START RECORDS SHOWN
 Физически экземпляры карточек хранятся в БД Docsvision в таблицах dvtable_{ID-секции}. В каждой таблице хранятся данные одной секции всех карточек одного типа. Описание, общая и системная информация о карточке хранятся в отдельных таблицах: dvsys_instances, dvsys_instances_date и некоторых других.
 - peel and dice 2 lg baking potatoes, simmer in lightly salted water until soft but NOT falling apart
END RECORDS SHOWN
START RECORDS SHOWN
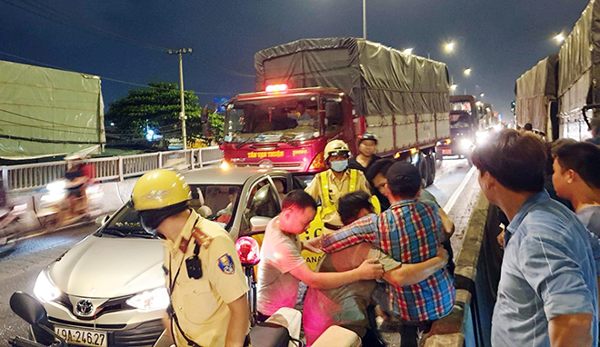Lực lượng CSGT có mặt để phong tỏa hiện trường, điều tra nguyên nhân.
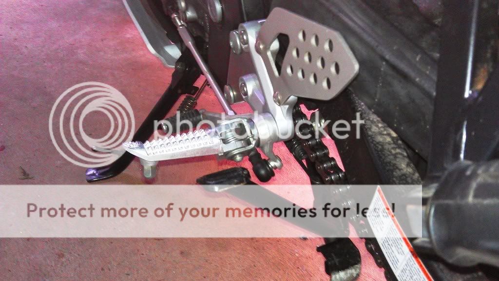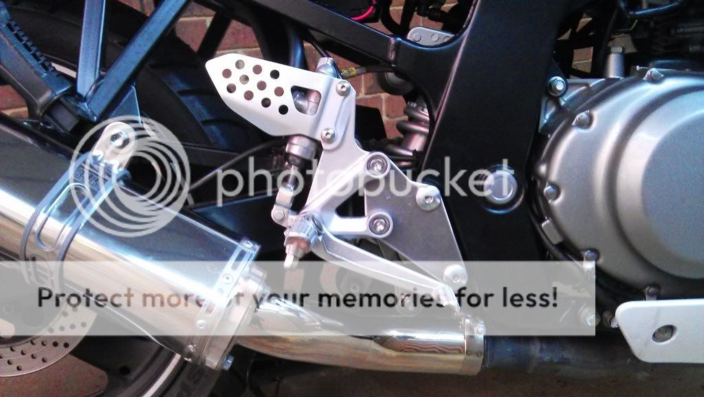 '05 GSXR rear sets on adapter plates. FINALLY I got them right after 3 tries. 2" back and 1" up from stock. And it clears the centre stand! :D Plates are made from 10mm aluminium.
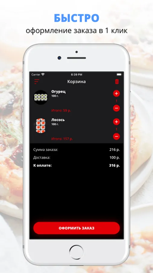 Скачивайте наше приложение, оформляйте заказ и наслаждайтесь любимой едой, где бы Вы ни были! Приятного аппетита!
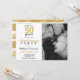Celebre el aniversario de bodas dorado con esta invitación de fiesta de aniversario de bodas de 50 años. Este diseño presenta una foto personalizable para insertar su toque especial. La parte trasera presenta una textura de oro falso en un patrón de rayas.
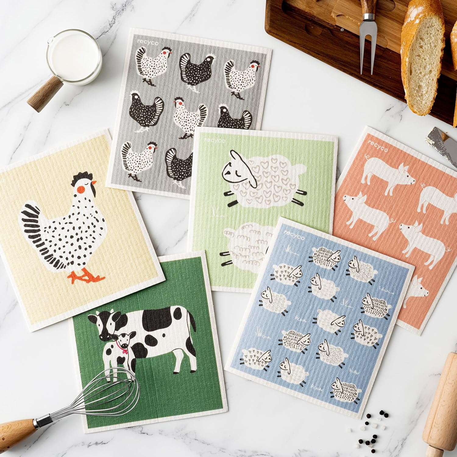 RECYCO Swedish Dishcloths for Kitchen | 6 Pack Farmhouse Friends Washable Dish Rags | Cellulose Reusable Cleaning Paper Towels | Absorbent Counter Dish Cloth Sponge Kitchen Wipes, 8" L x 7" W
END RECORDS SHOWN
= TASK REQUIREMENTS =
Beginning at the line above that contains "Физически экземпляры карточек", return each line exactly through the line that contains "- peel and dice", and no others.

= EXERCISE RESPONSE =
 Физически экземпляры карточек хранятся в БД Docsvision в таблицах dvtable_{ID-секции}. В каждой таблице хранятся данные одной секции всех карточек одного типа. Описание, общая и системная информация о карточке хранятся в отдельных таблицах: dvsys_instances, dvsys_instances_date и некоторых других.
 - peel and dice 2 lg baking potatoes, simmer in lightly salted water until soft but NOT falling apart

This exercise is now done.